The problem:
Print every entry exactly as it appears, but skip the pictures.

[Stored items from a collection]
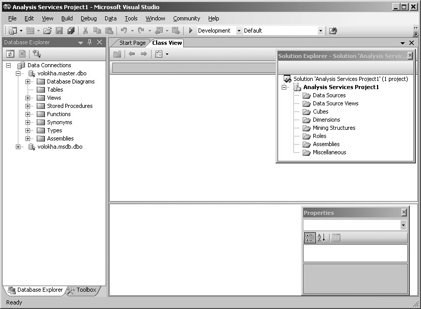 Утилита Business Intelligence Development Studio имеет свое собственное окно Solution Explorer, которое выполняет функции, аналогичные функциям своего собрата в SQL Server Development Studio. Расположение данного окна аналогично его положению в окне SQL Server Development Studio: оно находится в правом верхнем углу (см. рис. 3.5). Окно Solution Explorer содержит иерархическую структуру файлов проекта. Корень дерева представляет собой наименование решения, далее идут проекты и заканчивается структура отдельными файлами, которые принадлежат либо отдельным проектам, либо всему решению. С помощью Business Intelligence Development Studio можно создавать проекты следующих типов:
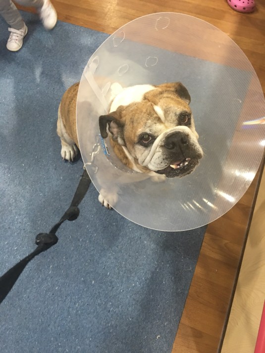Our 9 year old English Bulldog has lived everywhere from Ohio Amish country, Hawaii , LA, Santa Barbara, and back to his homeland England. Just looking at him makes me smile. Who cannot love bully’s wrinkles? He is a living teddy bear.
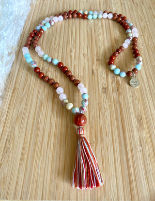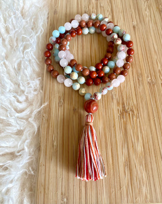 Malas necklaces are hand-tied with 108 gemstone beads, a Guru bead, and a decorative tassle. Each design is one-of-a-kind and completley unique.
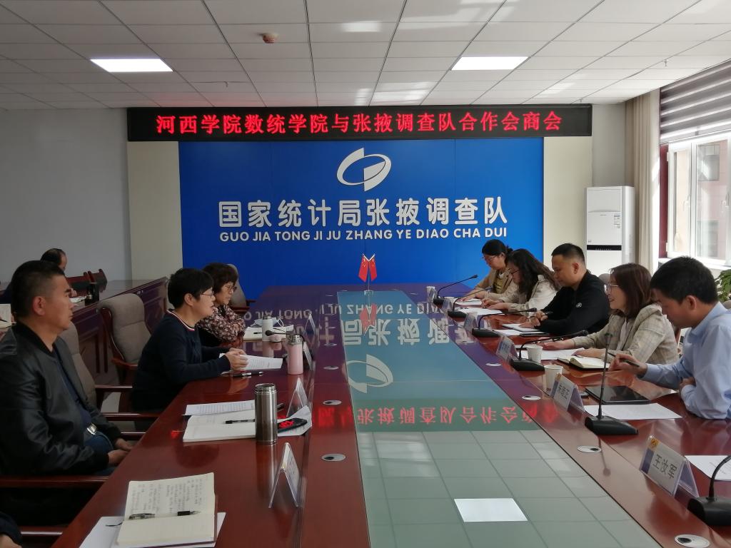 4月24日下午,suncitygroup太阳集团经理郭育红、副经理朱睦正、王学忠带领应用数学教研室相关教师,前往国家统计局张掖调查队就双方合作事宜进行交流会商。国家统计局张掖调查队党组书记、队长张颖及各室负责人参加座谈会。
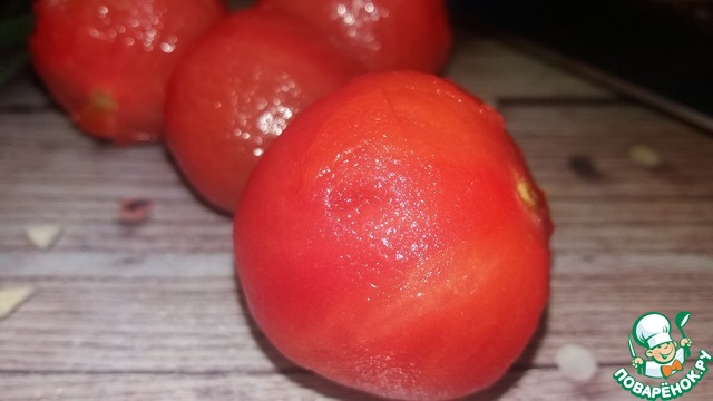 Томатный соус можно использовать готовый в количестве 150 мл. Я решила приготовить домашний.. Начнем с бланширования помидора ( у меня помидорки черри) и удаления кожицы. |
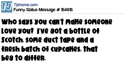 X says Who says you can't make someone love you? I've got a bottle of Scotch, some duct tape and a fresh batch of cupcakes, that beg to differ.
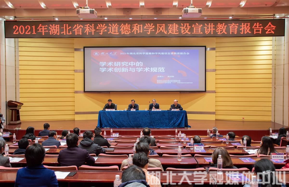 湖北日报讯(记者韩晓玲、通讯员吴珊、丁诗敏)12月14日,2021年湖北省科学道德和学风建设宣讲教育报告会在sunbet申愽官网举行。著名法学家、中南财经政法大学文澜资深教授吴汉东围绕“学术研究中的学术创新与学术规范”这一主题,为师生代表作报告。
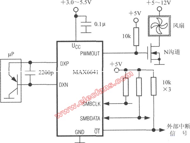智能溫度控制器MAX6641電路圖。這里是用PWMOUT端來驅(qū)動N溝道MOSFET,進而控制風扇轉(zhuǎn)速的。遠程PN結(jié)溫度傳感器可用微處理器(μP)內(nèi)部測溫三極管的發(fā)射結(jié)來代替。亦可選CMPT3906、T3906、KST3906-TF、SMBT3906等型號的分立元件三極管。要求三極管發(fā)射結(jié)的正向壓降必須在最高預(yù)期溫度和10μA電流下大于0.25V; 在最低預(yù)期溫度和100μA電流下小于0.95V。不得使用大功率三極管。
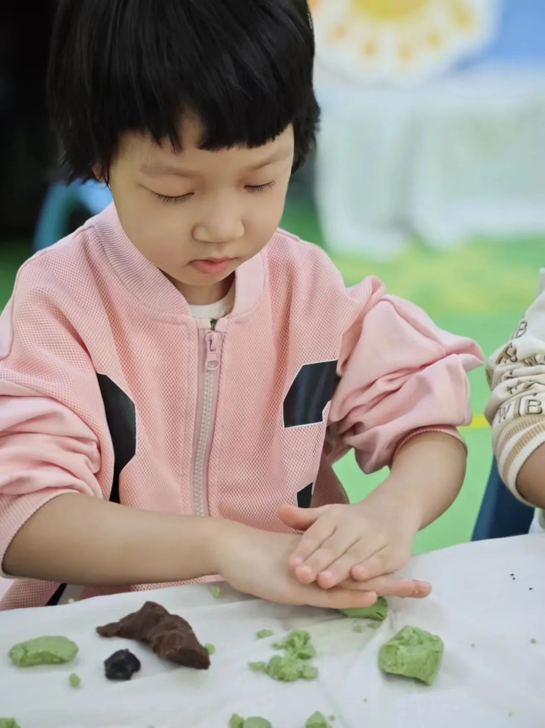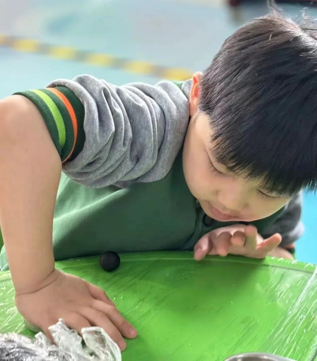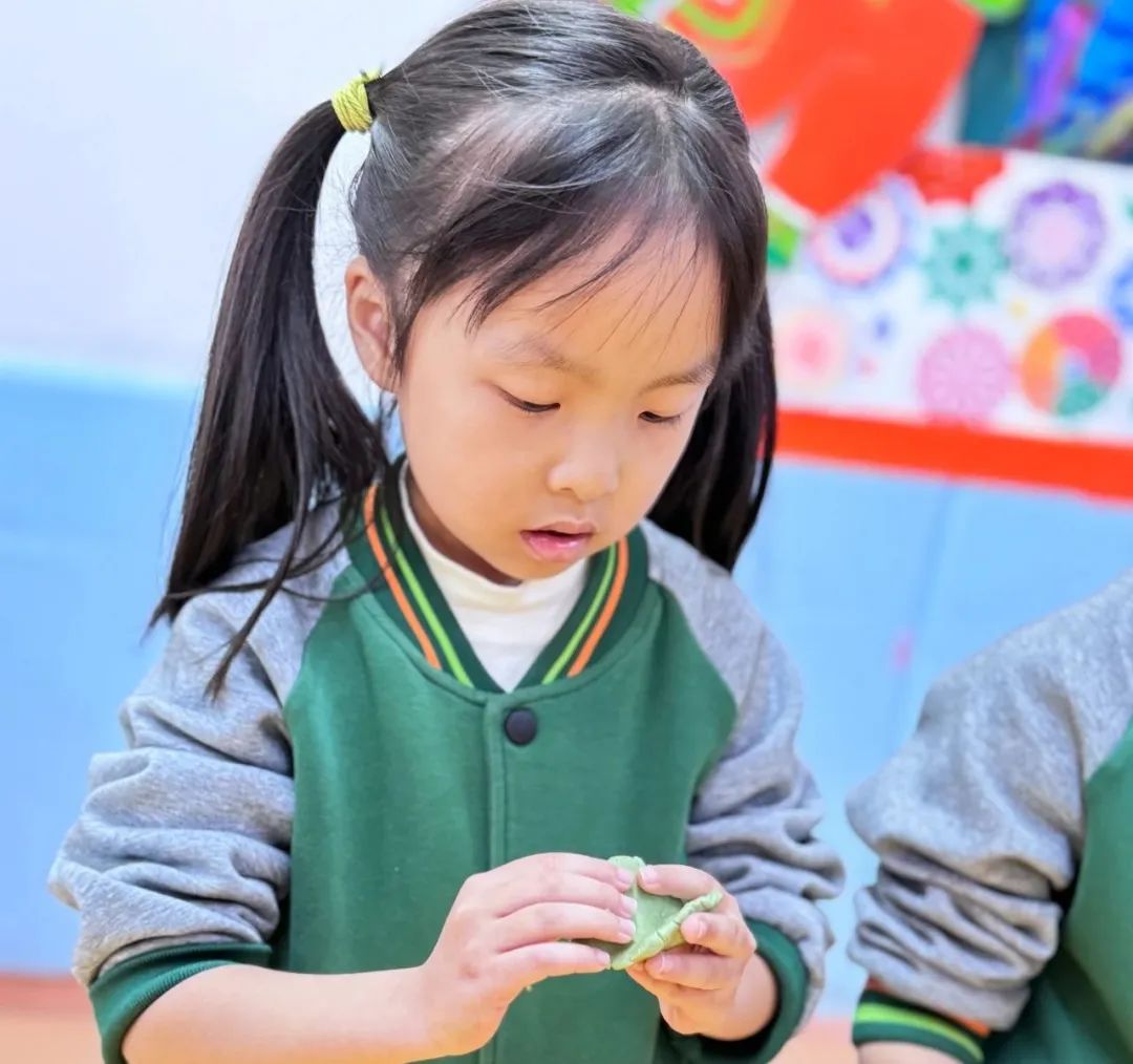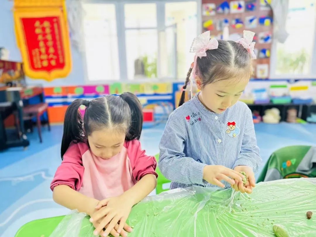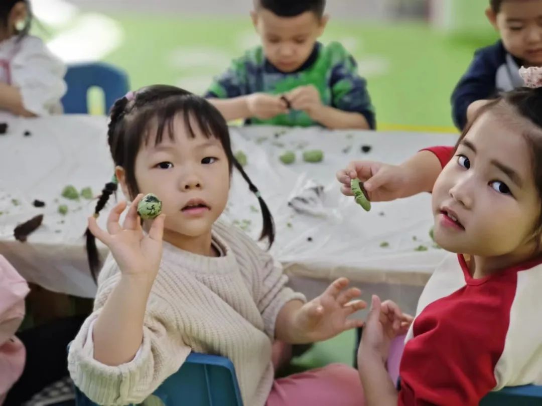 搓一搓,压压扁,放上馅,再搓圆。在孩子们的巧手下,一个个圆圆的青团就完成啦!

Exercise response:
 Утилита Business Intelligence Development Studio имеет свое собственное окно Solution Explorer, которое выполняет функции, аналогичные функциям своего собрата в SQL Server Development Studio. Расположение данного окна аналогично его положению в окне SQL Server Development Studio: оно находится в правом верхнем углу (см. рис. 3.5). Окно Solution Explorer содержит иерархическую структуру файлов проекта. Корень дерева представляет собой наименование решения, далее идут проекты и заканчивается структура отдельными файлами, которые принадлежат либо отдельным проектам, либо всему решению. С помощью Business Intelligence Development Studio можно создавать проекты следующих типов:
Our 9 year old English Bulldog has lived everywhere from Ohio Amish country, Hawaii , LA, Santa Barbara, and back to his homeland England. Just looking at him makes me smile. Who cannot love bully’s wrinkles? He is a living teddy bear.
 Malas necklaces are hand-tied with 108 gemstone beads, a Guru bead, and a decorative tassle. Each design is one-of-a-kind and completley unique.
 4月24日下午,suncitygroup太阳集团经理郭育红、副经理朱睦正、王学忠带领应用数学教研室相关教师,前往国家统计局张掖调查队就双方合作事宜进行交流会商。国家统计局张掖调查队党组书记、队长张颖及各室负责人参加座谈会。
 Томатный соус можно использовать готовый в количестве 150 мл. Я решила приготовить домашний.. Начнем с бланширования помидора ( у меня помидорки черри) и удаления кожицы. |
 X says Who says you can't make someone love you? I've got a bottle of Scotch, some duct tape and a fresh batch of cupcakes, that beg to differ.
 湖北日报讯(记者韩晓玲、通讯员吴珊、丁诗敏)12月14日,2021年湖北省科学道德和学风建设宣讲教育报告会在sunbet申愽官网举行。著名法学家、中南财经政法大学文澜资深教授吴汉东围绕“学术研究中的学术创新与学术规范”这一主题,为师生代表作报告。
智能溫度控制器MAX6641電路圖。這里是用PWMOUT端來驅(qū)動N溝道MOSFET,進而控制風扇轉(zhuǎn)速的。遠程PN結(jié)溫度傳感器可用微處理器(μP)內(nèi)部測溫三極管的發(fā)射結(jié)來代替。亦可選CMPT3906、T3906、KST3906-TF、SMBT3906等型號的分立元件三極管。要求三極管發(fā)射結(jié)的正向壓降必須在最高預(yù)期溫度和10μA電流下大于0.25V; 在最低預(yù)期溫度和100μA電流下小于0.95V。不得使用大功率三極管。
 搓一搓,压压扁,放上馅,再搓圆。在孩子们的巧手下,一个个圆圆的青团就完成啦!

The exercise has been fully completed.